Licence used by drivers who are residents of the associated countries of the European Union have a standard look and contain the information of the driver, common to all countries, developed in 1998. Exceptions to this general rule apply to small parts of this document. Polish driving licences issued from the late 1990s comply with these standards.

Licence is embedded in a transparent plastic the shape and size of a credit card (85.6 × 53.98 mm; ID-1 format), which makes counterfeiting very difficult and ensures longevity.

After 1 May 2004 (the date of Polish EU accession), Polish driving licences were slightly changed:
- instead of an ellipse around the letters PL, in the upper left corner there are 12 stars
- the words "RZECZPOSPOLITA POLSKA" and "PRAWO JAZDY" switches place and the color was changed to match the blue in the EU flag.
- the photo is larger
- the background of the new licence contains the words "licence" in all EU languages.
- the French words "PERMIS DE CONDUIRE" was removed from the top, but is included in the background together with all EU languages

The licences issued before 1 May 2004 remain valid (do not have to be exchanged).

== EU driving licence ==

In 2006 the European Parliament adopted a directive 2006/126/EEC providing for a uniform driving licence in all Member States. New driving licences are issued from 19 January 2013. In Poland, the new driving licences are mandated by the law of 5 January 2011—the Motor Vehicle Drivers Act (Ustawa o Kierujących Pojazdami; Journal of Laws 2011 No. 30, item 151), that came into force on that day.

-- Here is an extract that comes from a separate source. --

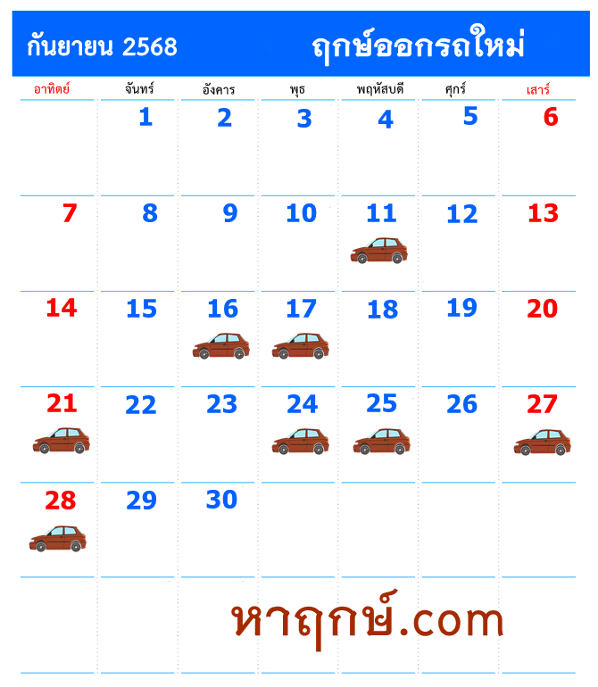 หาฤกษ์ ออกรถใหม่ เดือน กันยายน 2568
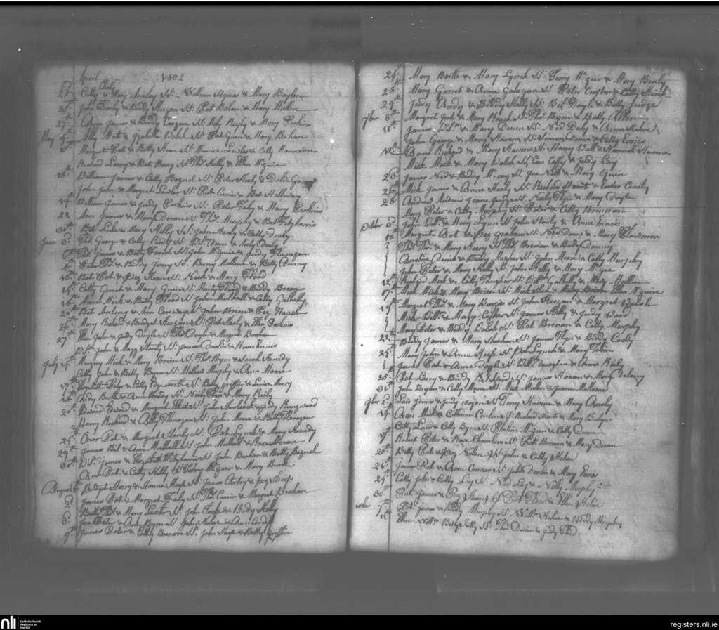 Kilcullen; County of Kildare; Archdiocese of Dublin. Baptisms, Apr. 1802 to Dec. 1802

Driver's licenses issued from January 2013 are valid for up to 15 years - 5 years for professional drivers (categories C1, C, D1, D, C1+E, C+E, D1+E, D+E). Documents issued before January 19, 2013 are valid until 2033 and will have to be exchanged for the new ones by that date.

== Mistaken identity in Ireland ==
"Prawo Jazdy" was an alleged Polish criminal supposedly active in the Republic of Ireland. The name was listed on PULSE, a computer system used by the Garda Síochána, with at least 50 traffic violations, including speeding and parking violations, recorded across the country, but there were suspicious aspects such as each incident being associated with a different address. "Prawo Jazdy" was also listed as a name on the Fixed Charge Processing System (FCPS). An investigation was launched into this person whom the Gardaí considered to be Ireland's worst traffic violator.

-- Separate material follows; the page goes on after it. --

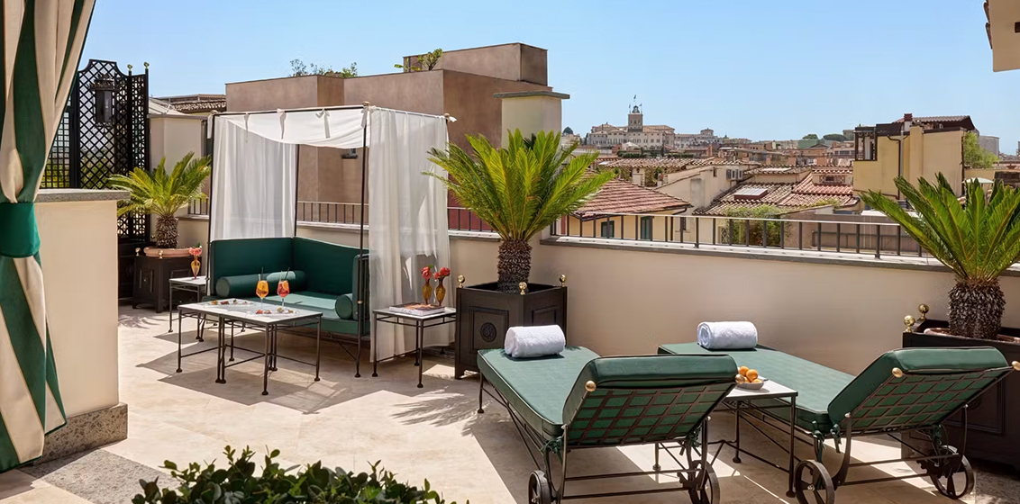 Rooms and suites are uniquely styled like a private residence, blending antique pieces with contemporary craftsmanship. Highlights include Executive Suites, Balcony Suites overlooking Roman rooftops, and the Penthouse Suite with a 70 square-metre terrace framing views from Villa Medici to the Vittoriano. The new SPA Suite, which debuted in July 2025, offers an intimate wellness sanctuary with treatment areas and signature rituals.​

An internal Garda memorandum in June 2007 revealed that, upon consultation with an online Polish–English bilingual dictionary, prawo jazdy was not a personal name, but instead the Polish term for 'driving licence', misidentified by Garda officers as the traffic violator's name due to the phrase being printed at the top right-hand corner of Polish driving licences (with the licensee's name and personal details printed beneath in a smaller text size). The error became public knowledge in February 2009.

The Gardaí received the satirical Ig Nobel Prize in literature in 2009 for the mistake, but did not attend the award ceremony. The prize was accepted by Karolina Lewestam, a Polish philosopher and writer, and a "holder of a Polish driver's licence".

The situation was a source of embarrassment for the Gardaí. It generated discussion on issues such as cultural ignorance or institutional racism within the Gardaí as a result of changing ethnic demography in Ireland due to immigration from other European Union member states.

In 2013, a common format for driving licences was implemented for all newly issued documents across the European Economic Area (EEA), of which both Ireland and Poland are part.